C’est en ce sens que Mystery nous happe dès ses première minutes : tout commence très vite par la mort de la victime, renversé par une voiture, et gravement blessée juste avant l’accident. Ces premiers plans magnifiquement montés nous apparaissent non sous un seul point de vue, mais bien plusieurs. Ce sera également le sujet du film, parmi de nombreux témoignages, mensonges, complots et trahisons. Ces premières annonces pourraient sembler classiques (film choral ?), et non dignes d’intérêt pour un film codifié aux premiers abords.
Cette fabuleuse scène reviendra à plusieurs reprises durant la progression de l’intrigue : c’est de là que tout le film part, c’est là qu’est la clé. De sublimes ralentis à la coréenne peuvent nous évoquer d’autres grands cinéastes, comme Park Chan Wook, Kim Je-woon, et bien d’autres. Cette scène pourrait s’inscrire dans le slasher, si elle n’était pas filmée d’une façon si personnelle, si propre à l’auteur. Comme d’autres procédés de mise en scène de Lou Ye reconnaissables (gros plans sur les visages pendant des actes violents) Mystery insuffle au thriller d’aujourd’hui un esprit quasi nouveau, original, puissant, à l’encontre du thriller américain académique. L’impressionnante Hao Lei, déjà remarquée dans Une jeunesse chinoise (2006) est de tous les plans, et apparaît comme une anti femme fatale, une héroïne soumise en continu. Ce rôle lui a par ailleurs valu une nomination de la meilleure actrice au dernier festival d’Hong Kong.

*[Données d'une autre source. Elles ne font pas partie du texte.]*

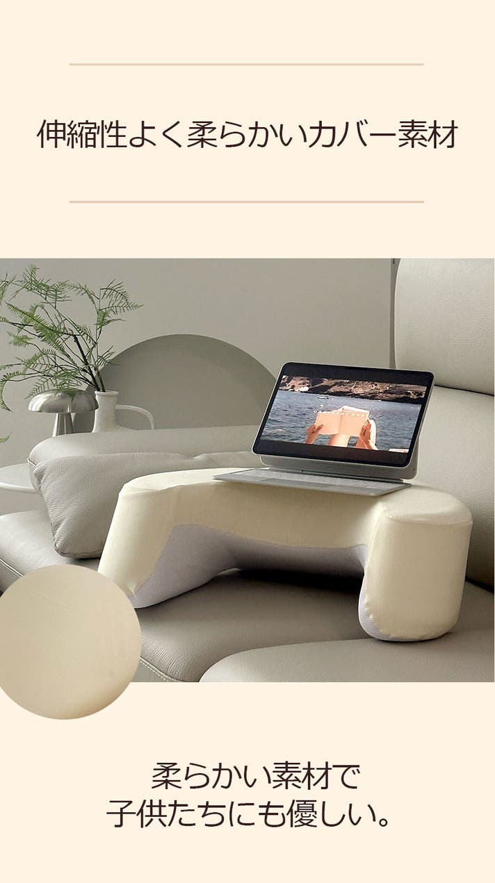 平らな面が上面、湾曲している面が下面です。ソファやベッドでお使いになる際は、両腕が平らな上面にくるようにクッションを使用してください。そうすることで、腕の重さが適切に地面に伝わり、快適さを感じられます。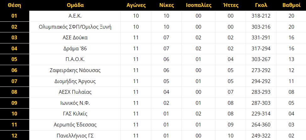 Η βαθμολογία της Handball Premier: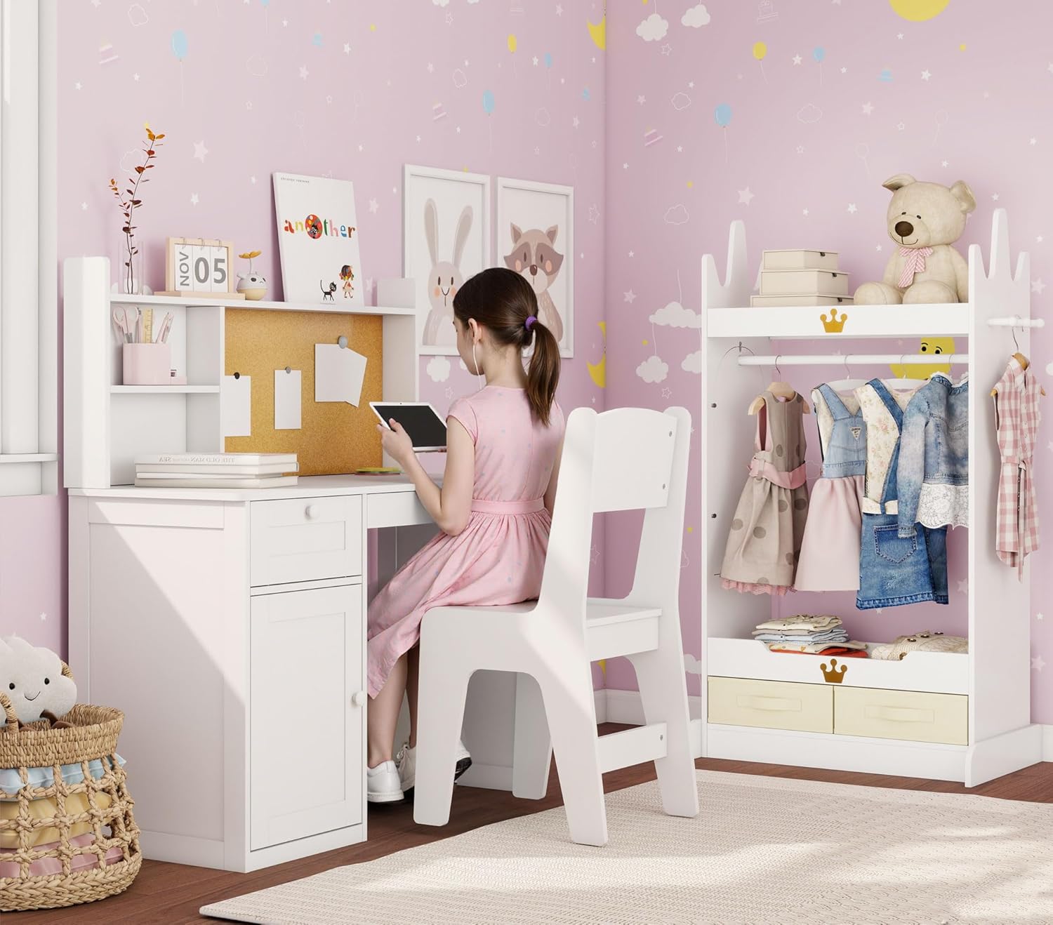 Want to spruce up your kid’s space with gear that works hard and feels fun? This kids desk and chair set and dress up rack bundle is just what you need. It fits neatly in bedrooms or nurseries without cluttering the room, perfect for homework, crafts, or dress-up play. The study desk and chair are made of eco-friendly engineered wood, certified by ASTM, CPSIA, and CPC for safety. They feature a hutch for books and crafts, a drawer for supplies, and a cabinet for bigger items plus a cork board for notes or their favorite art. The tilted chair supports good posture while rounded corners and anti-tip hardware give you peace of mind. The charming crown-detailed dresser for kids keeps clothes and costumes organized. It has a hanging rod, a top compartment for toys and accessories, open shelves for folded items, fabric bins for socks or small toys, and a stable reinforced base. The built-in mirror turns getting dressed into a fun part of playtime. Best of all, this white furniture helps kids build tidy habits early so you won’t find scattered supplies around. Both pieces come with labeled parts and clear instructions so you can assemble them in hours no fancy tools required. Our 24 hour customer support is here to help quickly if you need it. This bundle isn’t just furniture it’s a cozy hardworking space where your kid can learn, create, and play to their heart’s content, growing with them for years to come.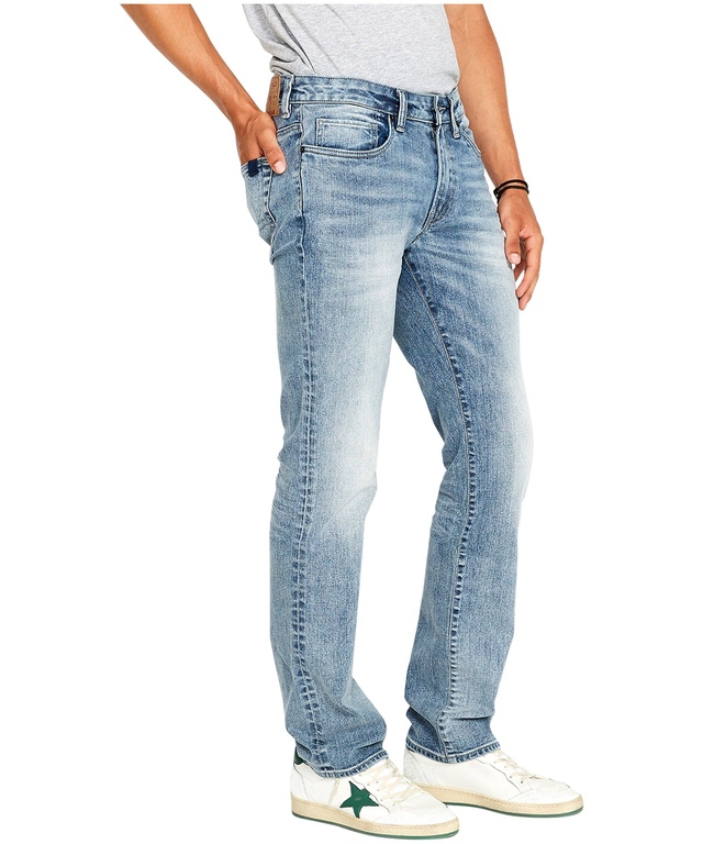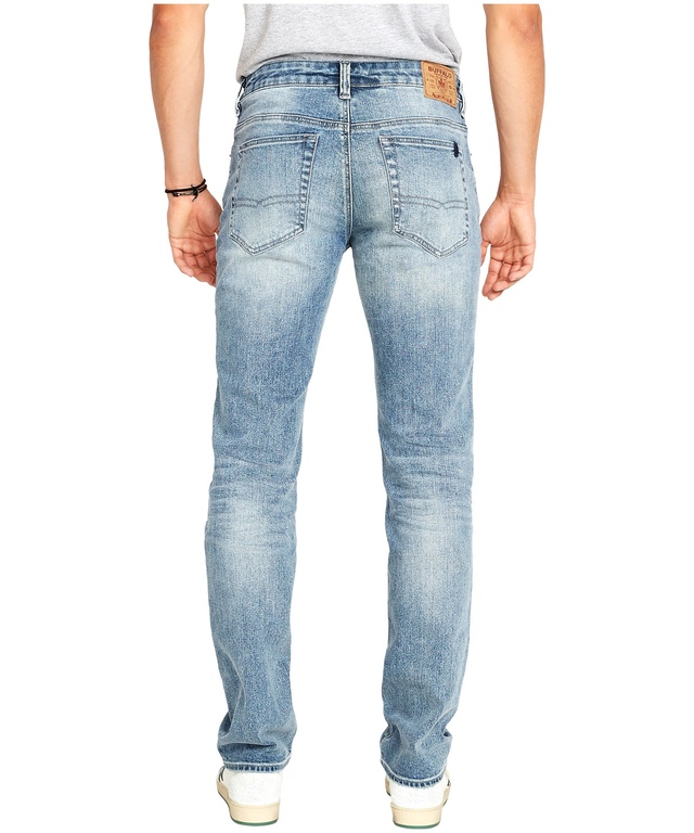 Stretch sustainably-sourced denim jeans in a blue whiskered and contrasted wash. This bestselling style features a comfortable low-rise waist with a straight leg and tapered hem. The worn design adds a rock-inspired look to a classic fit. The eco-friendly logo patch in tan and red is at the back waistband. The signature maple leaf graphic is debossed at the zip-fly.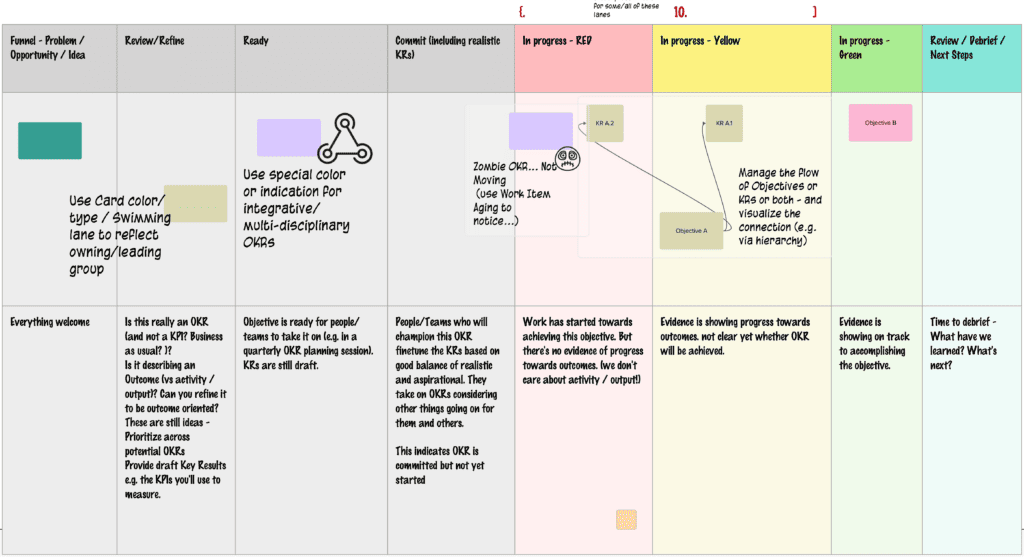Here are some of my favorite patterns for managing OKR flow using Kanban:

A cela s’ajoute une part importante dans tout thriller : l’espace dans lequel évolue ses personnages. Lou Ye a intégralement tourné à Wuhan, grande ville chinoise sur les rives du fleuve bleu. Les quelques plans montrant les grattes ciel ne sont pas sans rappeler certains classiques américains, comme The Naked City de Jules Dassin (1948). La ville a un rôle primordial dans Mystery, c’est une ville où l’on ne peut se cacher, une ville où tous regardent par les baies vitrées, suivent des yeux les voitures, espionnent leurs compagnes ou compagnons.
Si Mystery parvient à nous achever avec un surprenant coup de théâtre, annihilant tout suspense préétablit, ses faiblesses peuvent apparaître dans la gestion du rythme, parfois trop lent, parfois trop rapide, ou dans ses dialogues pas toujours bien ficelés. Mais ce n’est pas pour autant que cette histoire ne parvient pas à aspirer l’esprit pervers et inquiet de nous, spectateurs. En ce sens, Lou Ye réalise peut être son film le plus accessible à ce jour. L’autre déception est peut être cette accessibilité. Possédant la boite de pandore du thriller noir, Lou Ye ne l’utilise pas jusqu’au bout, même si il propose un film de genre conçu différemment du courant habituel. Manquant de richesse, ce Mystery est néanmoins un véritable hameçon, qui n’harponnera sans doute pas tout son public, mais dont les heureuses victimes se trouveront ravies.